Copy out the data below from the line containing "В выпуске газеты" to the line containing "2021年1-9月,乘用车产", both lines included, with all images left out.

__Records for processing__.
################

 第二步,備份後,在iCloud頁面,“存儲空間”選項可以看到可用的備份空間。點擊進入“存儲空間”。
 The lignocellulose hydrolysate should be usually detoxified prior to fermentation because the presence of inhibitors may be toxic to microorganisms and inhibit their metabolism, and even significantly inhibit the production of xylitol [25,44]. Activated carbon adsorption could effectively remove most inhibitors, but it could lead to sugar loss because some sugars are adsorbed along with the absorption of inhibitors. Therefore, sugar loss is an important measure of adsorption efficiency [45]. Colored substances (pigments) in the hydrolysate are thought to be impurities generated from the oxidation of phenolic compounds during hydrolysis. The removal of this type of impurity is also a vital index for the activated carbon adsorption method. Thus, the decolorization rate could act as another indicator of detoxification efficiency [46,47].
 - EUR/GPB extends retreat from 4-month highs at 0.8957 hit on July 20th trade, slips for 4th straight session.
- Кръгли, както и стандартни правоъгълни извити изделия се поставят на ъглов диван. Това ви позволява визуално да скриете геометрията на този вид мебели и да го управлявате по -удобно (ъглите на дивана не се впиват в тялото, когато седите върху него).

################

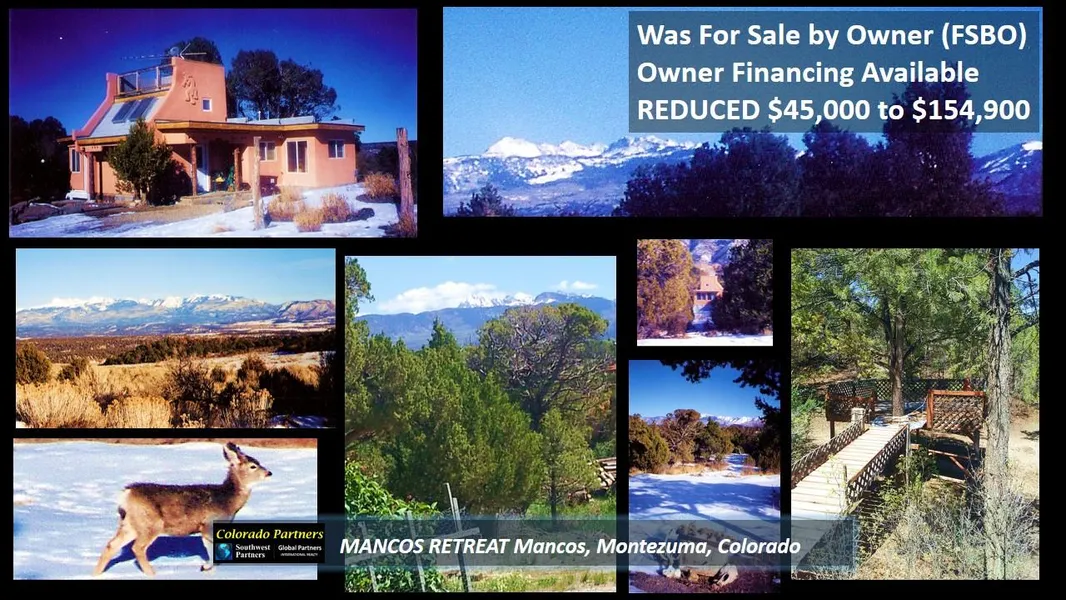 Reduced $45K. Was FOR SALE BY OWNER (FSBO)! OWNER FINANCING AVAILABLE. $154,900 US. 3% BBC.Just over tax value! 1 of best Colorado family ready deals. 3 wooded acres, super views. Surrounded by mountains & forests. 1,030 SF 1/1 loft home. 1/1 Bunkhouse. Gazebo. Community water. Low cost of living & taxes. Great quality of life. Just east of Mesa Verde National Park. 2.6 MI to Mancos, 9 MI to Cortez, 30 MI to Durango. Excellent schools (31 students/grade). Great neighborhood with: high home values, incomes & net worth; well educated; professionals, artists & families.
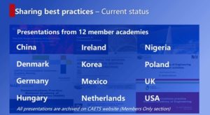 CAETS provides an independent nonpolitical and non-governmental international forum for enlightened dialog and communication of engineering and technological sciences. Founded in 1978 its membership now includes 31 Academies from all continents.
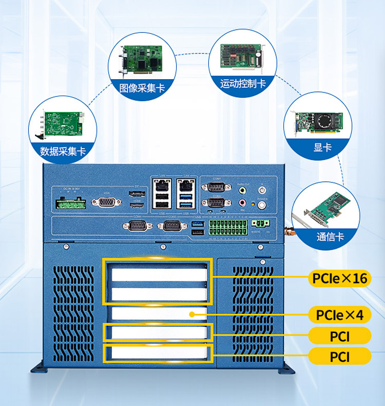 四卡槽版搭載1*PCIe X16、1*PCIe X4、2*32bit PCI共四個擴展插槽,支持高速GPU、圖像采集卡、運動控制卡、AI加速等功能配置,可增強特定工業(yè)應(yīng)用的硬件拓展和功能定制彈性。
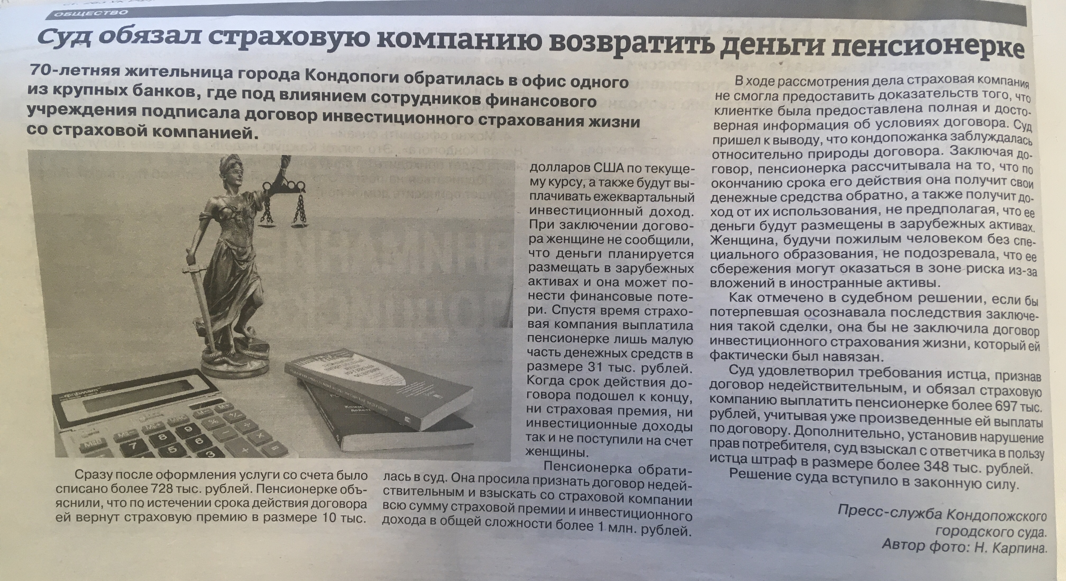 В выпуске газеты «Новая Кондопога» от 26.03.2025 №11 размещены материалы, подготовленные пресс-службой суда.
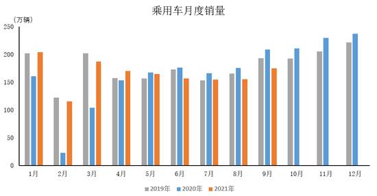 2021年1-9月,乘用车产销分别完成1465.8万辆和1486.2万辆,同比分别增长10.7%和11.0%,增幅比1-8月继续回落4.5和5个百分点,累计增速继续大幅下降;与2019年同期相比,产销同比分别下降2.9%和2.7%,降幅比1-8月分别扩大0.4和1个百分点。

################

__Completed exercise__.
 В выпуске газеты «Новая Кондопога» от 26.03.2025 №11 размещены материалы, подготовленные пресс-службой суда.
 2021年1-9月,乘用车产销分别完成1465.8万辆和1486.2万辆,同比分别增长10.7%和11.0%,增幅比1-8月继续回落4.5和5个百分点,累计增速继续大幅下降;与2019年同期相比,产销同比分别下降2.9%和2.7%,降幅比1-8月分别扩大0.4和1个百分点。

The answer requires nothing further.